Streaming Variational Inference for Bayesian Nonparametric Mixture Models
This work addresses the challenge of scalable inference for flexible Bayesian nonparametric models in streaming applications, which is incremental as it extends existing methods to a broader class of models.
The authors tackled the problem of applying Bayesian nonparametric models to streaming data by developing a streaming variational inference algorithm for normalized random measure mixture models, demonstrating its effectiveness on clustering documents in large, streaming text corpora.
In theory, Bayesian nonparametric (BNP) models are well suited to streaming data scenarios due to their ability to adapt model complexity with the observed data. Unfortunately, such benefits have not been fully realized in practice; existing inference algorithms are either not applicable to streaming applications or not extensible to BNP models.

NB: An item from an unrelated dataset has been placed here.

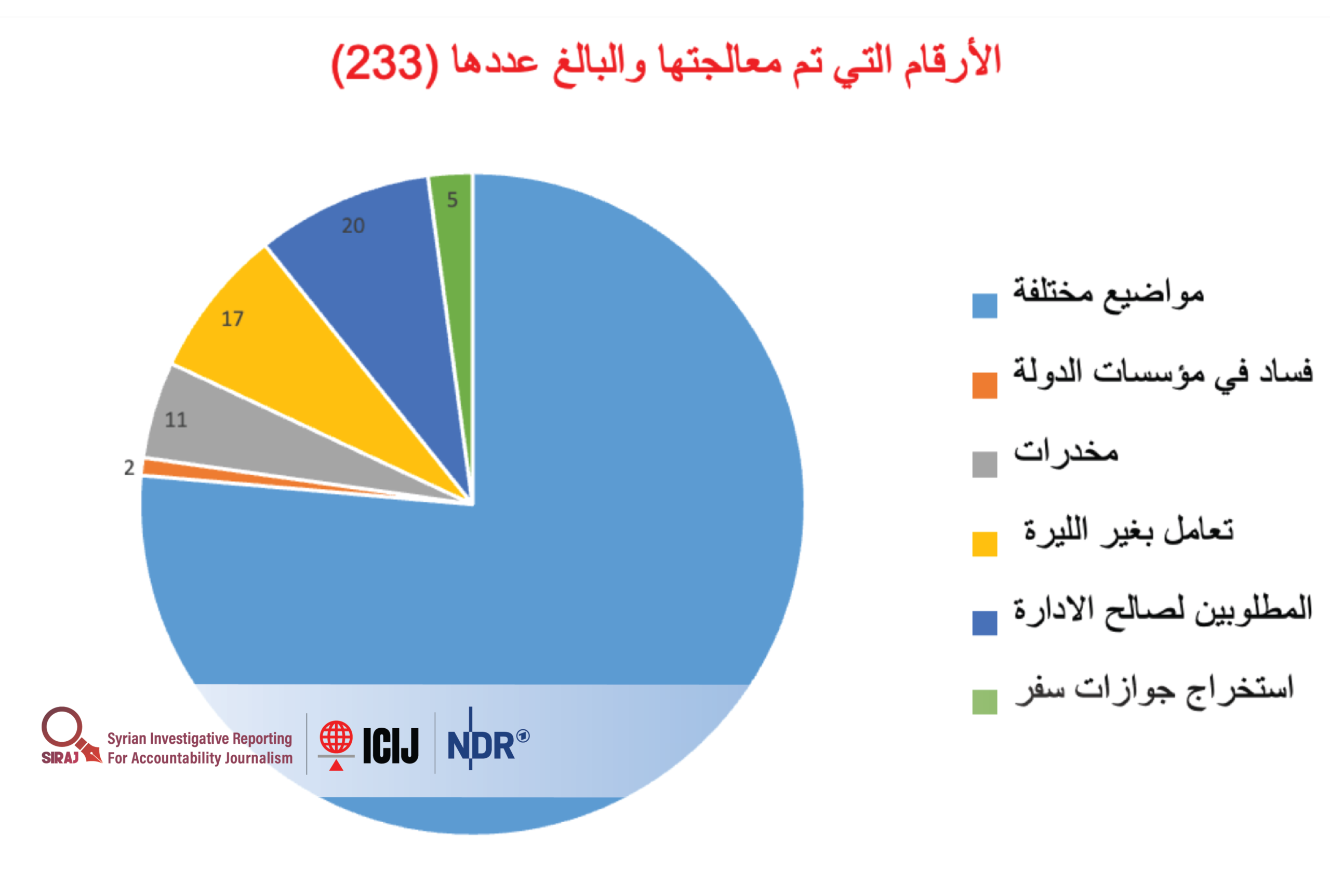 بإشراف ومتابعة من لوقا، تم تتبّع 233 هدفاً (الرسم التوضيحي أدناه) لأشخاص عاديين بهدف إلقاء القبض عليهم، من بينها 178 بتهم (مواضيع مختلفة) من دون تحديد تفاصيلها، وموضوعين يتضمّنان فسادًا في مؤسسات الدولة، وخمس مواضيع استخراج جوازات سفر، و11 موضوع مخدرات، و17 موضوع تعامل بغير الليرة السورية، و20 موضوع مطلوبين لصالح إدارة المخابرات.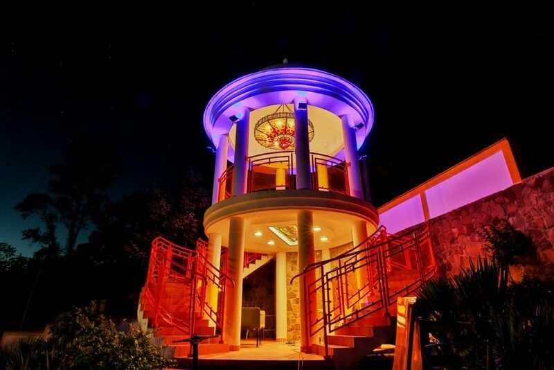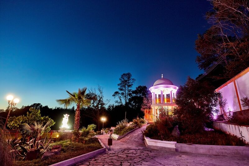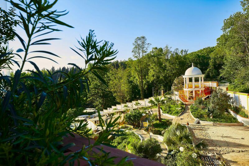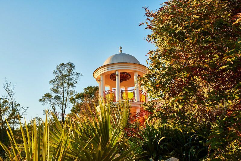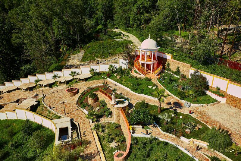 Вид из номера: горы, сад и территорию отеля, круговой панорамный вид с террасы на крыше отеля

For the special case of Dirichlet processes, streaming inference has been considered. However, there is growing interest in more flexible BNP models building on the class of normalized random measures (NRMs). We work within this general framework and present a streaming variational inference algorithm for NRM mixture models. Our algorithm is based on assumed density filtering (ADF), leading straightforwardly to expectation propagation (EP) for large-scale batch inference as well. We demonstrate the efficacy of the algorithm on clustering documents in large, streaming text corpora.